No Brasil, a indústria de ETFs entrou em um superciclo em 2024 e cresceu com força até 2026, mudando a dinâmica de produtos e de distribuição no mercado de fundos.
O avanço se reflete tanto no patrimônio, que saiu de R$ 50 bilhões para quase R$ 130 bilhões, como na oferta, com cerca de um terço dos fundos lançados em 2025 e 2026.
Os motivos combinam custos, benefícios tributários, liquidez e o interesse por alocação simples e escalável, tema abordado por gestores da XP Asset no Outliers InfoMoney, conforme informação divulgada pelo Outliers InfoMoney.
A aceleração, números e origem do movimento
Segundo o gestor Danilo Gabriel, da XP Asset, “No fim de 2024 a gente tinha aproximadamente R$ 50 bilhões sob gestão na indústria, e esse número era mais ou menos o mesmo em 2022 e 2023”.
O salto ocorreu em 2024 e 2025, quando a indústria quase dobrou em torno de R$ 90 bilhões, e, em junho e julho de 2026, alcançou a casa de quase R$ 130 bilhões, conforme relato dos gestores.
O crescimento não é só patrimonial, ele vem acompanhado pela expansão da oferta, hoje em cerca de 210 fundos, e por marcos simbólicos, como a primeira vez em que os ETFs de renda fixa superaram os de renda variável em patrimônio sob gestão.
Por que os ETFs de renda fixa decolaram
Mais de R$ 27 bilhões entraram em ETFs de renda fixa apenas neste ano, o que representa mais de 80% do fluxo total para a classe, segundo a XP Asset.
O sucesso agrega fatores de escala do mercado de origem, benefícios tributários e operacionais, e o ambiente de juros elevados, que favoreceu produtos atrelados a CDI e taxas reais.
Entre as vantagens, estão isenção de IOF na subscrição, alíquota fixa de 15% de imposto de renda em muitos casos, ausência de come-cotas, e liquidez D0/D1, recursos que tornam um ETF rendendo 100% do CDI competitivo frente a fundos de crédito com rendimento maior, na visão da XP Asset.

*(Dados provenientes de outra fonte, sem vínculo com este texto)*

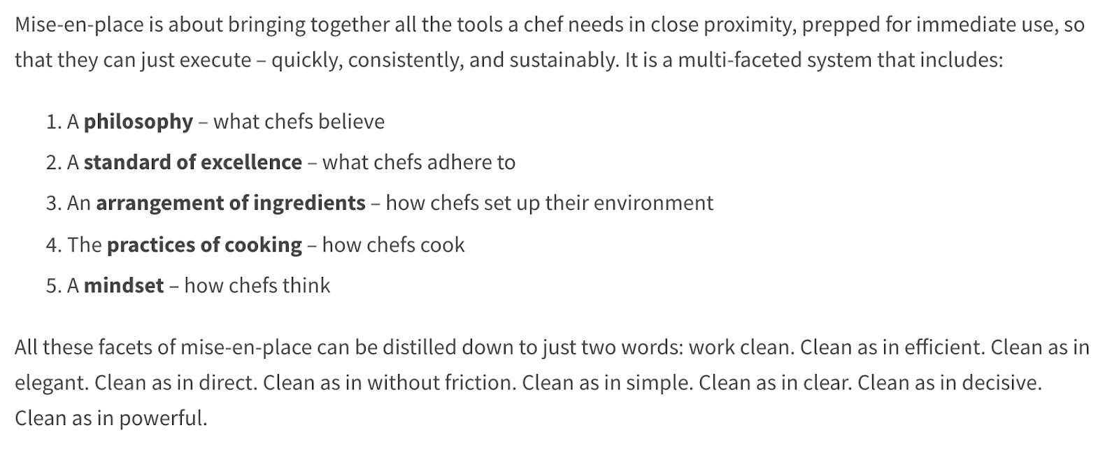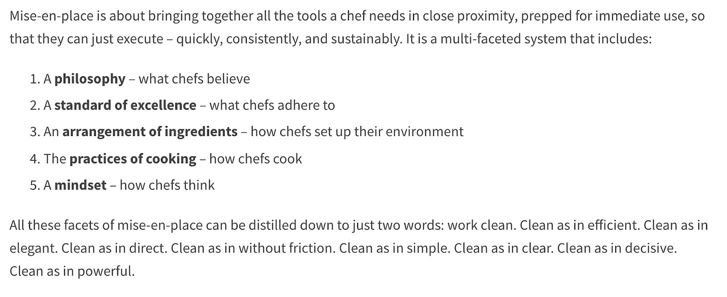 If you want to know more about Mise-en-place, below is a quick snapshot from the article. Do read the original article to enjoy the beauty of this system.

Liquidez e custos, por que olhar além do volume na tela
A liquidez dos ETFs deve ser analisada pela liquidez dos ativos subjacentes, e não apenas pelo volume negociado no pregão, explicam os gestores.
Os ETFs de renda fixa da XP Asset operam em modelo in-kind, com entrada e saída via os próprios títulos, o que ajuda a manter o preço do ETF alinhado ao valor patrimonial graças à ação de arbitradores.
As taxas também ajudam na narrativa de crescimento, com lançamentos cobrando 0,15% ao ano em índices prefixados, 0,30% em small caps, e até taxa zero no ETF de Ibovespa até determinado limite de patrimônio, bem abaixo da média da indústria.
Impacto na gestão ativa e no modelo fee-based
Os ETFs ampliam a competição por custos e resultado, e podem acelerar um processo de seleção natural na gestão ativa, sobretudo para produtos com custos altos, baixa liquidez e retorno mediano.
Para Danilo Gabriel, “A beleza do ETF é a simplicidade”, e a existência de uma grade ampla e barata de ETFs facilita a adoção do modelo fee-based, em que o cliente paga uma taxa fixa por consultoria.
Na prática, ETFs baratos, líquidos e escaláveis tornam viável cobrar taxas de consultoria baixas, e tendem a promover uma limpeza no mercado de fundos, forçando ajustes em gestores que não entregam valor.
O avanço dos ETFs no Brasil segue apenas no começo, e a combinação de custos mais baixos, vantagens tributárias e maior oferta pode redefinir alocações de longo prazo, tanto para investidores quanto para plataformas e gestores.